PROBABİLİZM (OLABİLİRCİLİK) Determinizme tepki olarak çıkan possibilizmi besleyen ve her iki görüşü bir sentezde birleştirir. Bu akımın çıkış nedeni, 1.fiziki çevre insan türünün eylemlerinin çoğunu belirlemektedir. 2. belirli bazı kültürler teknoloji kullanımıyla çevrenin yarattığı baskıları yenebilirler.
3. Bir alanın hem fiziki çevresini hemde orada yaşayanların kültürel özelliklerini bilen birisi, bu alanın nasıl kullanılacağının analizini yapabilir ve kullanım şekillerinin coğrafi dağılışını açıklayabilir gelecekle ilgili tahminlerde yapabilir.
EKOLOJİK YAKLAŞIM İnsan oğlu ekolojik sistemin bir parçasıdır. Ve insanın doğal ortamı, Doğal ortamında insanı karşılıklı olarak nasıl etkilediğini incelemek gerekir.
POZİTİVİZM Coğrafyada insanların yeryüzünü nasıl organize ettikleri ve kullandıklarını tanımlamak için kurallar bulunmaya çalışılmıştır. Bu olayda kurallar ve düzenlilikler bulunabileceği felsefesine mantıksal pozitivizm adı verilir. Bu akımı destekleyenler
1. coğrafyada kantitatifleşme (matematik) 2. coğrafi kalıpları istatistiksel yoldan tasvir etmeye 3.İstatistiksel hesaplara ve hipotezlere dayanmaktaydılar. Aynı zamanda gerçek dünyayı tasvirde kullandıkları matematiksel yolların bir köprü gibi fiziki ve beşeri coğrafyayı birbirine bağlayacaklarını ve coğrafyayı içinde matematiğin kullanıldığı diğer bilim dallarına açacaklarını ileri sürmekteydiler.
MODERNİZM Coğrafyada hissedilen moda akım post modernizimde matematik kesinlikle yoktur. Geçmişteki görüşlerin büyük kısmını ret etmeyi içine alan bir akım olduğu için yeni ve farklı olan her şeyin kullanılması moda haline gelmiştir.

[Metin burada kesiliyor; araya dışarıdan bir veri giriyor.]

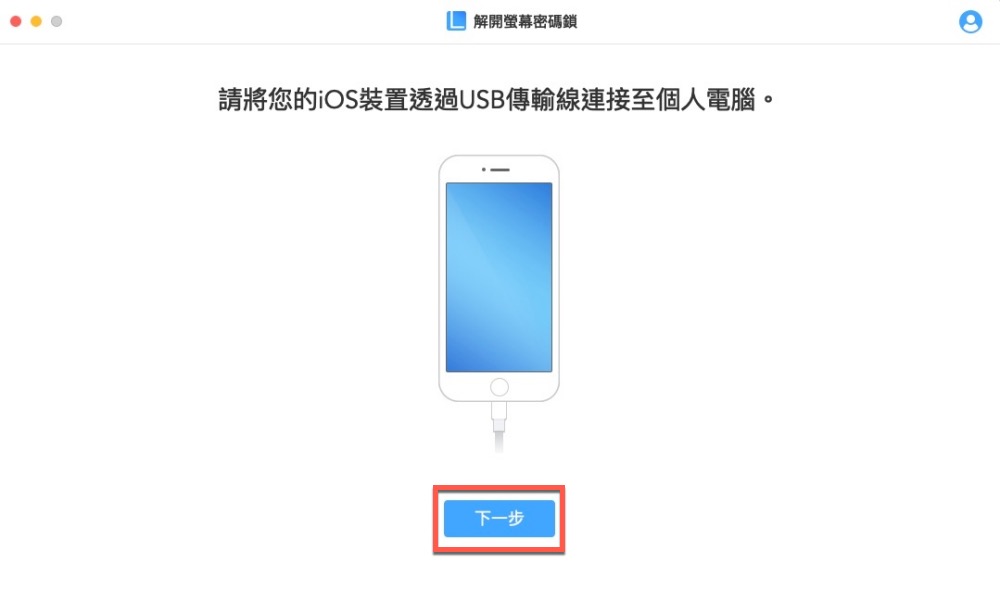 將你的 iPhone 或 iPad 接上電腦後,開啟軟體,選擇解開螢幕密碼鎖後按下開始。

Burada çoğunlukla insanın mekanı nasıl kullandığını ve nasıl biçimlendirdiğini, düzenlediğini inceler. Bunu yanında mekanı düzenlerken hangi öğelere dikkat etmesi gerektiğini açıklar İnsanların ekonomik, siyasal, toplumsal ve sosyal ortamdan, olaylardan nasıl etkilendiklerini ve bu etkileşim sistemi içerisinde baskın olan faktörlerin neler olduğu ve bu faktörler nasıl daha yararlı hale getirilir diyerek bunları incelemeye çalışır.